Solar Music 2023
No plain sailing for the American mariner whose guitar filigree flies across orchestral sky to new horizons.
“We can laugh our lives away and be free once more”: thus goes this collective’s most famous song that’s been on the crest of radio waves for more than five decades now – but who knew its merriment could turn bitter when demos of what was to become “Next Voyage” escaped the studio to see the light of day as "Timeless" only to disappear and emerge now properly, as band leader Mike Pinera and producer Michael Franklin intended. They aimed at not so much giving rock staples from both BLUES IMAGE and IRON BUTTERFLY, where the guitarist also used to play, as wrapping familiar pieces in fresh glory of orchestral kind and elevating the classics to the wuthering heights of eternity. Of course, embarking on such an enterprise is bound to create a new context too – the flow which makes the results rather riveting.
There’s perfect logic now in letting the platter’s panorama open its widescreen wonder with a powerful swing of “Butterfly Bleu” whose brass-laden wings create the momentum that will not dissolve in a six-string twang, predatory vocals and heavenly organ once the salvos subside but condense instead into pure passion, or even bass-spanked rage, and flutter under leaden skies towards the mesmeric delights “In A Gadda Da Vida” has to offer before solo wigouts take drift into a Bach-brushed space and the “Captain’s Suite” – the record’s expansive, acoustically-tinctured finale. However, the grace and energy of lighter numbers impress no less than the sway of these epics, as the soul-caressing grooves behind “Something To Say” and “Love Is The Answer” – the former seeing Michael Franklin splash muddy waters on the keyboards and the latter featuring Jonathan Cain’ ivories swirl the psyched-up swamp of sound – unfold in a Muscle Shoals way, while “Leaving My Troubles Behind” oozes filigreed swagger in spades.

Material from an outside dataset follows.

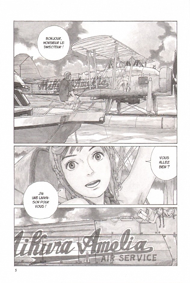 Précis avec ce qu’il faut de fragilité, le trait de Tsuruta possède toutes les qualités pour dépeindre cette quête initiatique assaisonnée aux saveurs « prattiennes ». Une dualité du style qui est parfaitement exploitée dans les innombrables portraits de la protagoniste principale (souvent très légèrement vêtue). Lascive et s’abandonnant, celle-ci aurait pu ressembler à une pin-up de bombardier. À la place, c’est sa délicatesse et son espièglerie qui dominent. Elle sait et fait ce qu’elle veut et c’est bien elle qui tient le manche à balai de son biplan. Et s’il le faut, elle n’hésite pas à mettre les mains dans le cambouis pour le rafistoler.
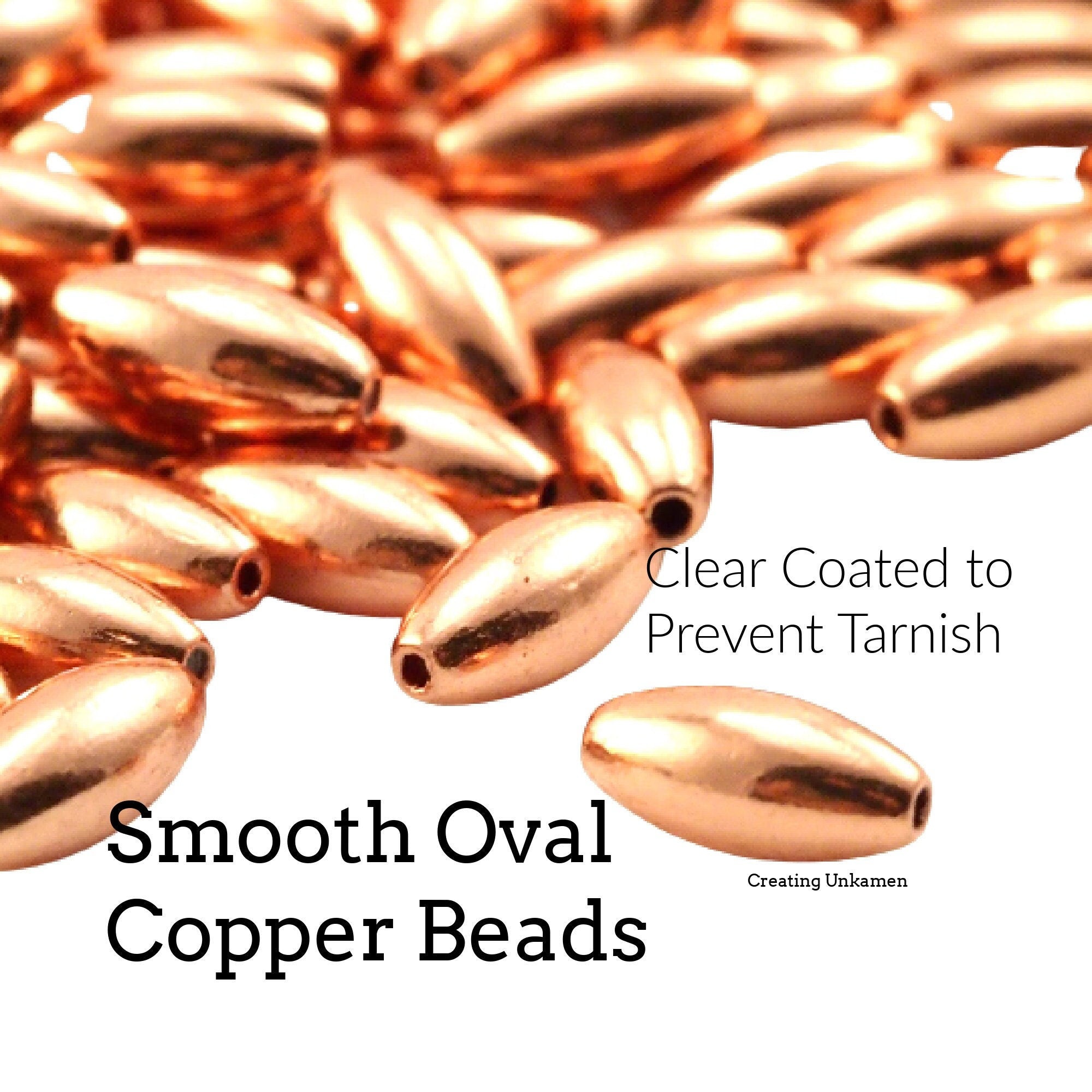 50 Smooth Oval Copper Beads - Clear Coated to Prevent Tarnish - 100% Guarantee in 5mm, 7mm, 9mm

But then, there’s a molasses-like gloom in the dramatic rendition of “Isla” which shines ever so brightly through the sheets of symphonic grandeur, and in the fugue-prefaced “Paid My Dues” with Pat Travers’ attack adding to the force of the thunderous riff. There, in the darkness, might lie Pinera’s very next adventure; as of now, the voyage he’s been on for more than fifty years is still a pleasure cruise.